Optimal scheduling of refinery operations

 Process scheduling problems in industrial plants can often be modeled as mixed-integer nonlinear programs (MINLPs) with a large number of constraints. While meta-heuristics, such as the simulated annealing (SA) algorithm or the genetic algorithm (GA) have been extensively employed to obtain high-quality solutions to MINLPs, their capabilities are often limited by the large number of combinatorial constraints and the time required to obtain these solutions. In view of these limitations, we aim to develop a hierarchical approach that leverages the capabilities of the high-level Reinforcement Learning (RL) algorithms and the computational savings of the low-level MILPs for optimal process scheduling subjected to static and temporal constraints. Besides addressing the hard operational constraints, our framework also accommodates for soft constraints, such as generating schedules that are fairly contiguous and avoid frequent switching between different operational modes.

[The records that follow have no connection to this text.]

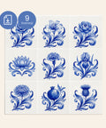 Jeśli tworzysz własne kafle ceramiczne lub interesujesz się dekorowaniem ceramiki, ten zestaw ilustracji w stylu Delft będzie doskonałym materiałem do pracy. Otrzymujesz 9 starannie przygotowanych wzorów w pliku PDF, które możesz łatwo pobrać, wydrukować i wykorzystać do transferu na kafle ceramiczne.
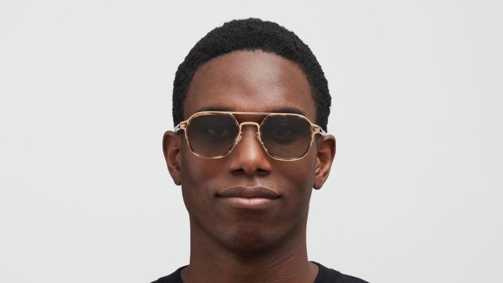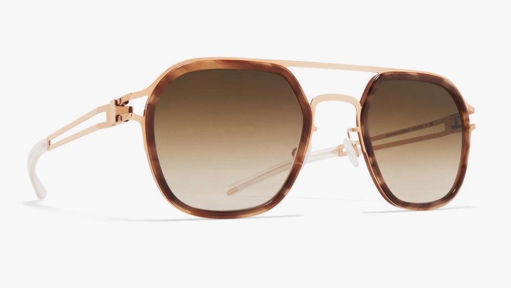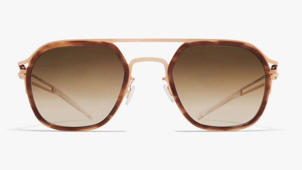 These MYKITA sunglasses feature a sophisticated geometric silhouette with a distinctive double bridge design. The frame showcases a luxurious bronze metallic finish with brown gradient lenses that fade from dark to light. The construction appears both elegant and sturdy, with sleek architectural lines and clean angles that create a contemporary, high-end aesthetic. The sunglasses demonstrate excellent craftsmanship with finely detailed temple arms and a balanced proportion between the frames and lenses. The overall design strikes a perfect balance between modern sophistication and timeless style.
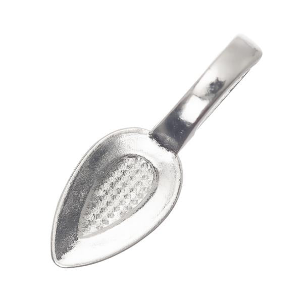 Description: Plated alloy metal bail glues onto back of pendant with "P" shaped loop sitting centered on top of pendant. For use on flat back pendant. Lead free, Nickel free, Cadmium free.
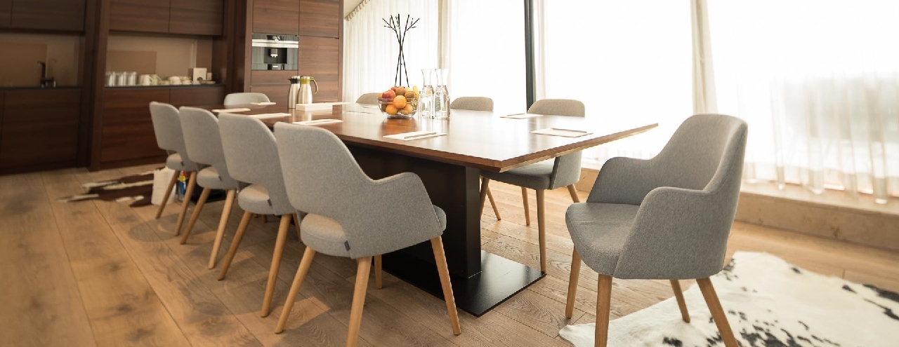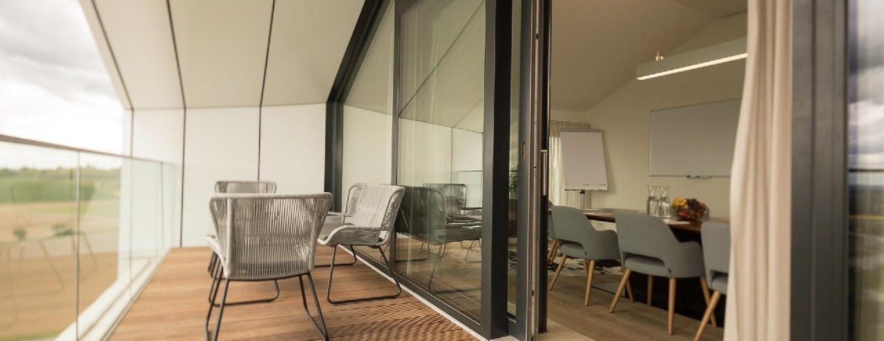Die bodentiefen Fenster dieser beiden Räume zeigen das natürliche Gesicht unseres Hotels. Die Räume bieten gleichzeitig Transparenz und Schutz und eignen sich hervorragend für unkonventionelle Workshops, kleine Meetings oder als Working-Spaces.
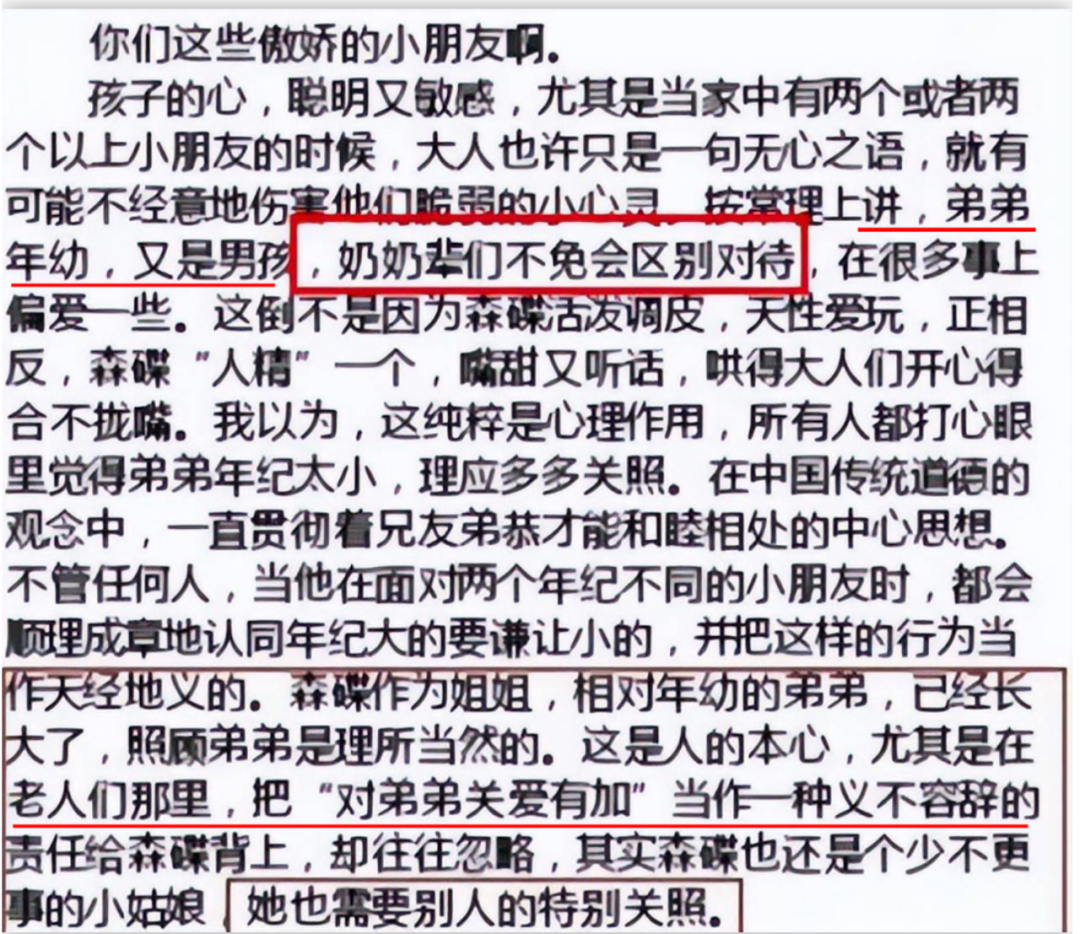 反观森碟,常常因为作为姐姐,被要求退让和照顾弟弟。

Optimal strategies for inventory replenishment

 Determining optimum inventory replenishment decisions is critical for retail businesses with uncertain demand. The problem becomes particularly challenging when multiple products with different lead times and cross-product constraints are considered. We address the aforementioned challenges in multi-product, multi-period inventory management using deep reinforcement learning. The proposed approach improves upon existing methods for inventory control on three fronts: (i) concurrent inventory management of a large number (hundreds) of products under realistic constraints, (ii) minimal retraining requirements on the RL agent under system changes through the definition of an individual product meta-model, (iii) efficient handling of multi-period constraints that stem from different lead times of different products. We approach the inventory problem as a special class of dynamical system control, and explain why the generic problem cannot be satisfactorily solved using classical optimization techniques. Subsequently, we formulate the problem in a general framework that can be used for parallelized decision-making using off-the-shelf RL algorithms. We also benchmark the formulation against the theoretical optimum achieved by linear programming under the assumptions that the demands are deterministic and known apriori. Experiments on scales between 100 and 220 products show that the proposed RL-based approaches perform better than the baseline heuristics, and quite close to the theoretical optimum. Furthermore, they are also able to transfer learning without retraining to inventory control problems involving different number of products.


Design of optimization algorithms

 Accelerated gradient methods are the cornerstones of large-scale, data-driven optimization problems that arise naturally in machine learning and other fields concerning data analysis. We introduce a gradient-based optimization framework for achieving acceleration, based on the recently introduced notion of fixed-time stability of dynamical systems. The method presents itself as a generalization of simple gradient-based methods suitably scaled to achieve convergence to the optimizer in a fixed-time, independent of the initialization. We achieve this by first leveraging a continuous-time framework for designing fixed-time stable dynamical systems, and later providing a consistent discretization strategy, such that the equivalent discrete-time algorithm tracks the optimizer in a practically fixed number of iterations. We also provide a theoretical analysis of the convergence behavior of the proposed gradient flows, and their robustness to additive disturbances for a range of functions obeying strong convexity, strict convexity, and possibly non-convexity but satisfying the Polyak-Łojasiewicz inequality. We also show that the regret bound on the convergence rate is constant by virtue of the fixed-time convergence. The hyperparameters have intuitive interpretations and can be tuned to fit the requirements on the desired convergence rates. We validate the accelerated convergence properties of the proposed schemes on a range of numerical examples against the state-of-the-art optimization algorithms. Our work provides insights on developing novel optimization algorithms via discretization of continuous-time flows.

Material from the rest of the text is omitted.